During a press conference held at the 2017 Detroit Auto Show, FCA President Sergio Marchionne said: "I can tell you right now that both the Chrysler 200 and the Dodge Dart, as great products as they were, were the least financially rewarding enterprises that we've carried out inside FCA in the last eight years," adding "I don't know one investment that was as bad as these two were."

The Dart's discontinuation has attributed to declining sales of passenger cars in general and particularly in the compact car segment.

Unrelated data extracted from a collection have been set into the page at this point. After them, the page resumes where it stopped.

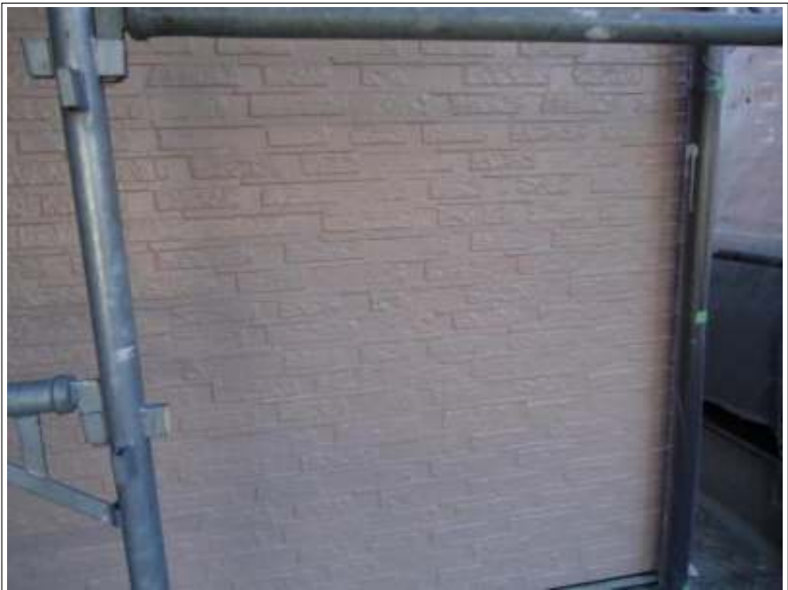
外壁塗装上塗り 1 回目施工完了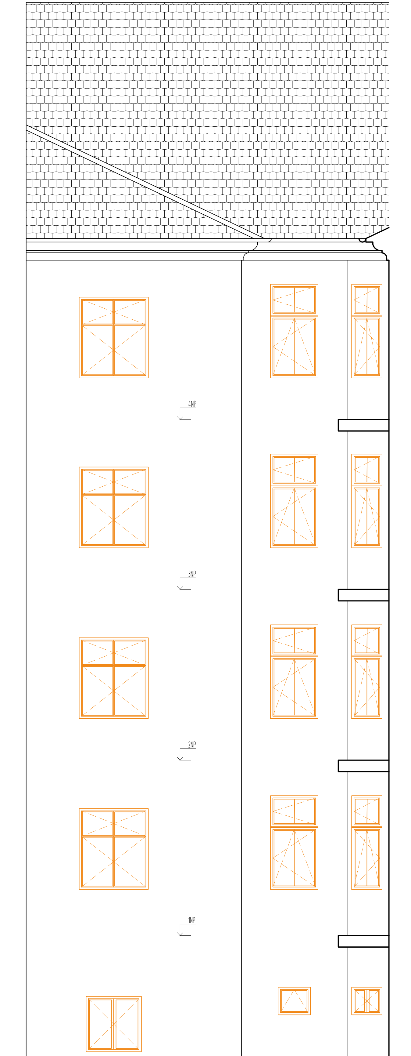
POHLED ZADNÍ 2-2' - PŮVODNÍ STAV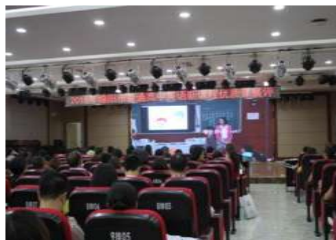
主讲教师课堂展示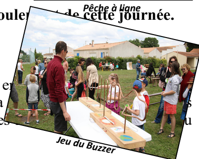
Jeu du Buzzer

L'an passé, les bénéfices réalisés à l'occasion des actions et activités, mises en œuvre pendant l'année scolaire, ont permis à l'association de verser des subventions pour la restauration par les 3 écoles : pour l'école de Bouhet, financement de 2 sorties pour toutes les classes au château des aventuriers en Vendée.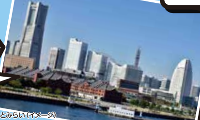
横浜みなとみらい(イメージ)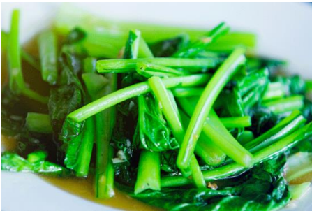
旬の青菜のにんにく炒め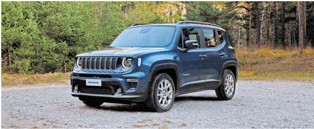
Der Jeep Renegade ist für anspruchsvoll Offroad-Touren bestens geeignet.

Dank des neuen Infotainment-Systems wird die Nutzung vernetzter Dienste einfach und flüssig. Sobald die Jeep App mit dem Fahrzeug verbunden ist, erfolgt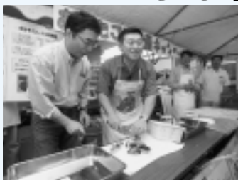
昨年のごみ減量キャンペーン。 佐竹市長もチャレンジ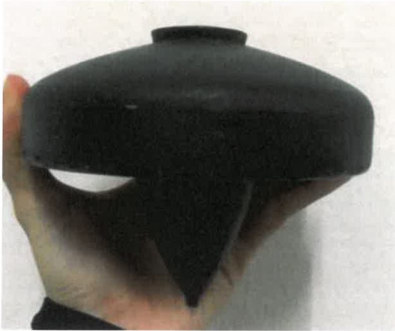
Gambar 14: Satu daripada hasil pembuatan gasing tokoh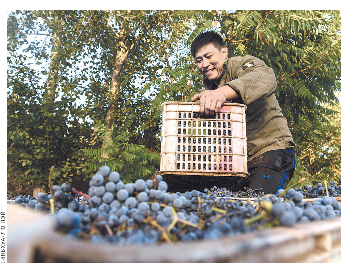
17 сентября 2019 года. Крестьянин собирает урожай винограда в деревне Мааньшань города Чифэн автономного района Внутренняя Монголия на севере Китая.

Структура сельскохозяйственной отрасли постоянно оп-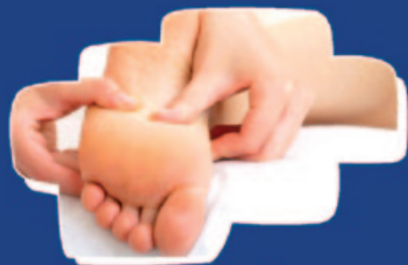
REFLEXOLOGÍA comienzo: 25 de julio

Moreover, there was shift in consumer preference towards SUVs and trucks which made the automaker focus on more profitable Jeep and Ram models. There was no reason to continue building a low-priced compact sedan that needed incentives such as interest-free financing to attract customers when buyers looked forward to higher-priced Jeeps with profit-driving high-end trims and option packages. The Dart's domestic competitors, the Chevrolet Cruze and Ford Focus, also suffered steep drops in sales, in contrast to Japanese models such as the Honda Civic and Toyota Corolla whose sales declined much more gradually during the shift towards SUVs. FCA's decision not to replace the Dart and 200 in favor of more crossover vehicles would later prove to be justified when Ford Motor Company announced in 2018 it was ending production of all non-truck vehicles except the Ford Mustang in North America, followed by the paring down of other passenger car models from other automakers.

During the COVID-19 pandemic in 2020, some remaining Dart models were sold to customers due to production issues of other models as a result of the pandemic.

==Sales==
Sales of the Viaggio and Ottimo ended in September 2017 due to low sales performance, recording only 1,623 Viaggio and 650 Ottimo cars sold during its ending year of production.

| Year | United States | Canada | Mexico | China |  |
| Fiat Viaggio | Fiat Ottimo |
| 2012 | 25,304 | 3,460 | 2,526 | 11,288 |  |
| 2013 | 83,388 | 9,870 | 1,066 | 48,375 |  |
| 2014 | 83,858 | 7,623 | 849 | 43,922 | 24,168 |
| 2015 | 87,908 | 3,061 | 292 | 21,399 | 10,082 |
| 2016 | 43,402 | 1,424 | 44 | 7,618 | 5,081 |
| 2017 | 10,082 | 533 |  | 1,623 | 650 |
| 2018 | 386 | 4 |  | 248 | 21 |
| 2019 | 16 | 1 |  | 23 |  |
| 2020 | 5 |  |  |  |  |
| 2021 | 10 | 1 |  |  |  |
| 2022 | 5 |  |  |  |  |
| 2023 | 3 |  |  |  |  |
| 2025 | 6 |  |  |  |  |

Dodge reported the sale of one new Dart as during September 2024, eight years after production ended. They later reported selling another six in the third quarter of 2025.